Мартин Селигман в 1964 году, будучи молодым выпускником университета, сумел сделать наблюдение, которое заложило основу одной из самых известных психологических теорий, дающих объяснение неуверенности в себе и беспомощности. Идея эксперимента состояла в том, чтобы сформировать у собак условный рефлекс страха на звук высокого тона. Для этого их, вслед за громким звуком, подвергали несильным, но чувствительным ударам электрического тока. Предполагалось, что спустя некоторое время собаки будут реагировать на звук также, как они раньше реагировали на электрошок — будут выскакивать из ящика и убегать. Но собаки этого не делали! Они не совершали элементарных действий, на которые способна буквально любая собака! Вместо того, чтобы выпрыгнуть из ящика, собаки ложились на пол и скулили, не совершая никаких попыток избежать неприятностей! Селигман предположил, что причина может состоять в том, что в ходе самого эксперимента собаки не имели физической возможности избежать электрошока — и привыкли к его неизбежности. Собаки научились беспомощности.

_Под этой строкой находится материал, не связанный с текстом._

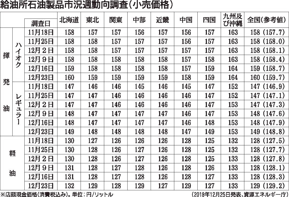 〈給油所石油製品市況週動向調査(小売価格)〉2025/9/29~11/4
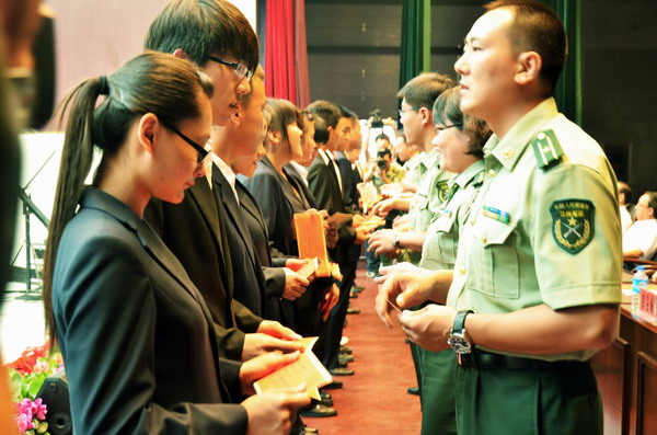 吉林省高校工委副书记、教育厅副厅长孙维杰,长春市委宣传部高教处处长郑学华、省民政厅双拥办于明坤、省教育厅思政处乔东升,吉林陆军预备役炮兵师师长王国军、政治部主任苏伟等领导出席,吉林东华教育集团总裁、吉林农业大学发展学院董事长张电达,校长兼党委书记宗占国、副校长栾玉振、赵中岳、李华楠出席仪式,受助学生及大学生预备役营学生近千人参会。
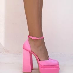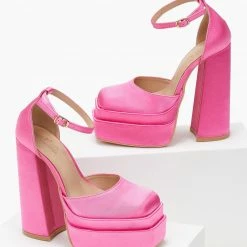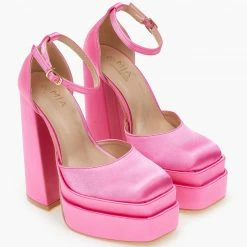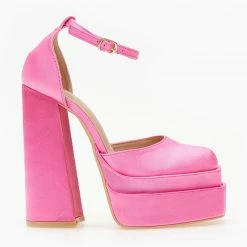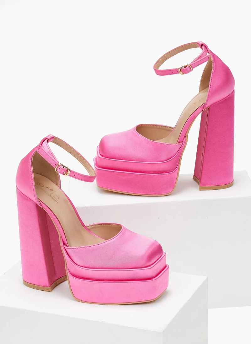 Πέδιλα σατέν με ψηλή φιάπα και χοντρό τακούνι. Έχουν κλειστή φτέρνα. Δένουν με μπαρέτα στο ύψος του αστραγάλου. Καρέ γραμμή.
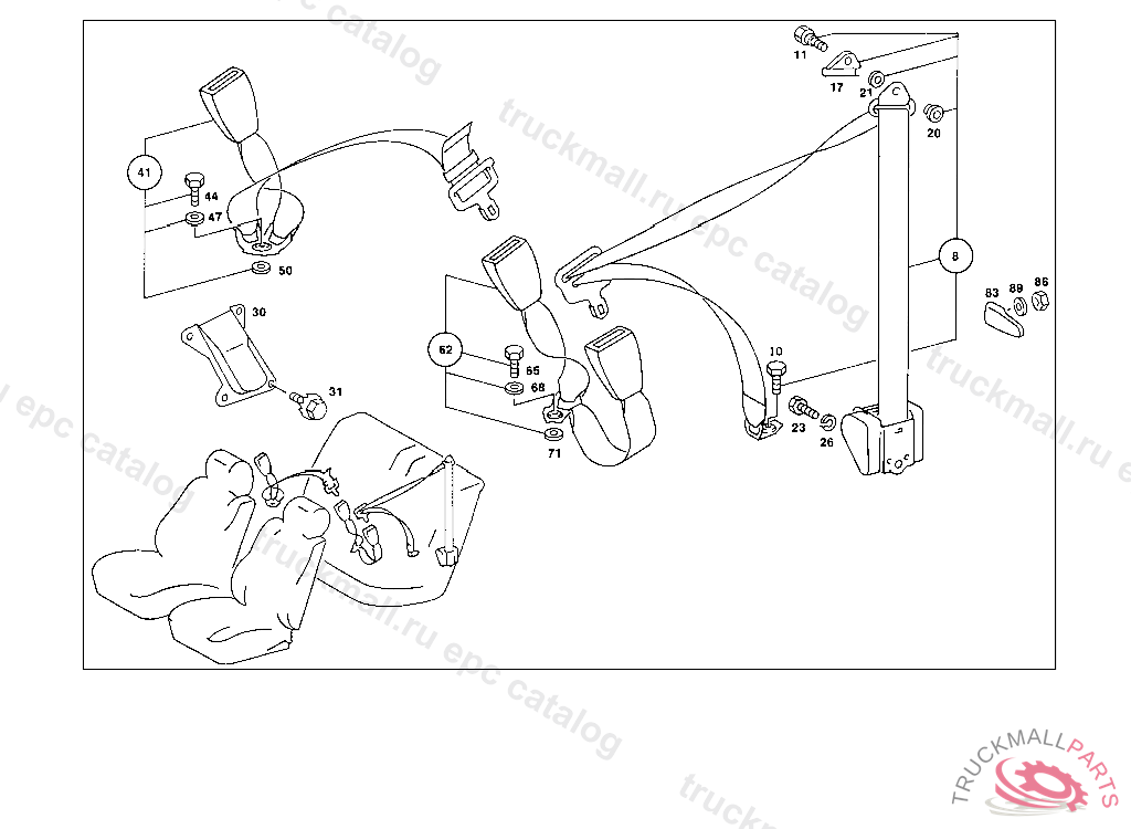 SAFETY BELT LESS LOCK, REAR SEAT,LEFT, 003 117238 007 113341 093 014203 102,103 405235 105 306775 183 027736 190 029810 193 016463 200 163262 280 008977 283 018995
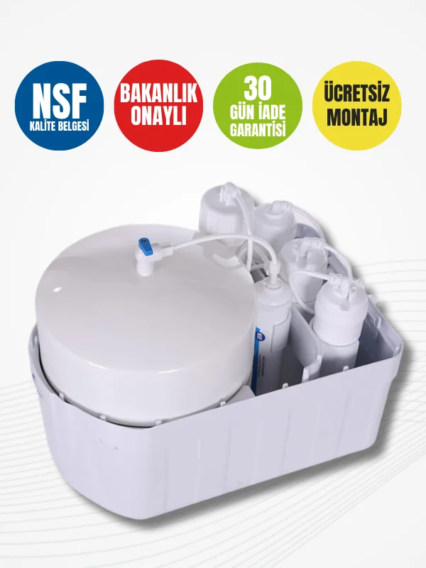 Lüks musluk ve shut-off valf, kullanım konforunu artırırken; opsiyonel olarak sunulan pompa (24V 1,5A adaptör ile) sayesinde su basıncı yükseltilerek daha verimli bir arıtma elde edilebilir. 60 PSI basınç düşürücü opsiyonu ise sistem basıncını dengede tutmaya yardımcı olur. Ayrıca şeffaf veya mat kapak renk seçenekleri, cihazın mutfak dekoruna uyum sağlamasını mümkün kılar.
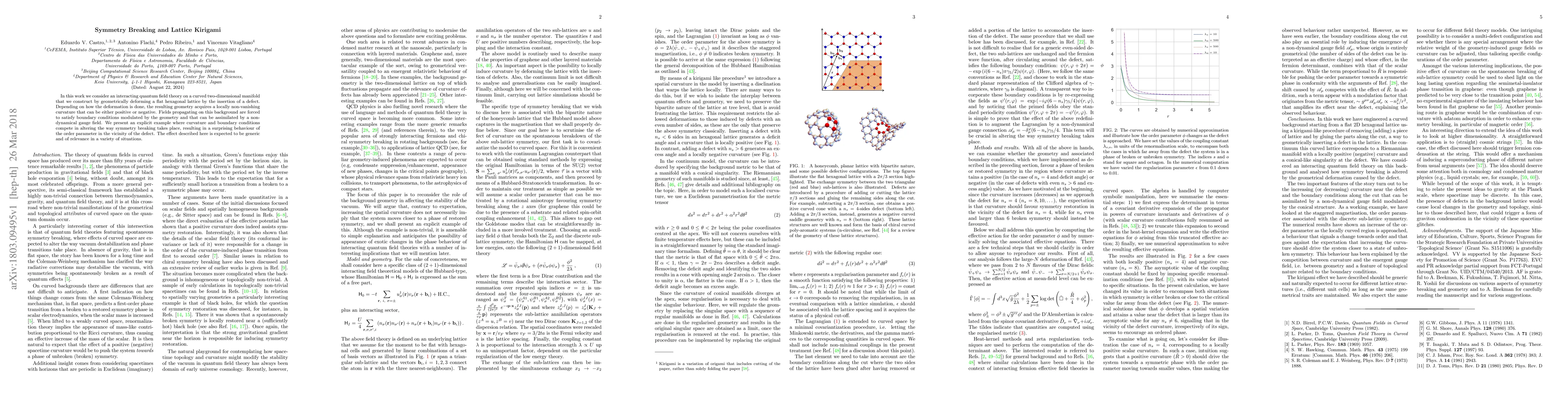In this work we consider an interacting quantum field theory on a curved two-dimensional manifold that we construct by geometrically deforming a flat hexagonal lattice by the insertion of a defect. Depending on how the deformation is done, the resulting geometry acquires a locally non-vanishing curvature that can be either positive or negative. Fields propagating on this background are forced to satisfy boundary conditions modulated by the geometry and that can be assimilated by a non-dynamical gauge field. We present an explicit example where curvature and boundary conditions compete in altering the way symmetry breaking takes place, resulting in a surprising behaviour of the order parameter in the vicinity of the defect. The effect described here is expected to be generic and of relevance in a variety of situations.
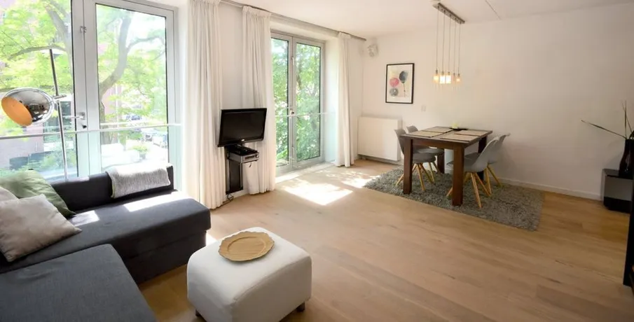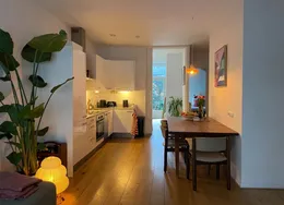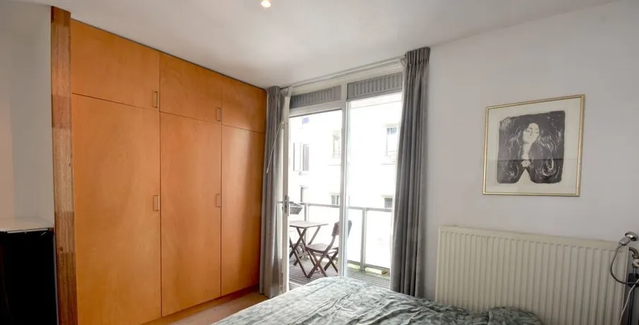 . Beschrijving. IntroductionSingle person occupancy only.The ApartmentThis modern and peaceful 50 m² apartment is located in a contemporary building, offering excellent noise and thermal insulation. It features beautiful wooden flooring throughout, creating a warm and comfortable living environment.Living RoomThe bright living room overlooks historic warehouse buildings on a quiet street. Furnished with a sofa....

Селигман решил использовать павловскую схему для того, чтобы экспериментально изучить природу беспомощности, понять причины ее возникновения, и таким образом найти пути ее преодоления. Вместе с другим молодым аспирантом — Стивеном Майером — он разработал схему эксперимента, названного им триадным, предполагавшим участие трех групп животных. Вот как сам Селигман описывает схему этого эксперимента: «…Первой группе предоставлялась возможность избежать болевого воздействия. Нажав на панель носом, собака этой группы могла отключить питание системы, вызывающей шок. Таким образом, она была в состоянии контролировать ситуацию, ее реакция имела значение. Шоковое устройство второй группы было „завязано“ на систему первой группы. Эти собаки получали тот же шок, что и собаки первой группы, но их собственная реакция не влияла на результат. Болевое воздействие на собаку второй группы прекращалось только тогда, когда на отключающую панель нажимала „завязанная“ с ней собака первой группы. Третья группа шока вообще не получала». Таким образом, две группы собак подвергались действию электрошока равной интесивности в равной степени, и абсолютно одинаковое время. Единственное различие состояло в том, что одни из них могли легко прекратить неприятное воздействие, другие же имели возможность убедиться в безрезультативности своих попыток как-то влиять на неприятности. С третьей группой собак ничего не делали. Это была контрольная группа.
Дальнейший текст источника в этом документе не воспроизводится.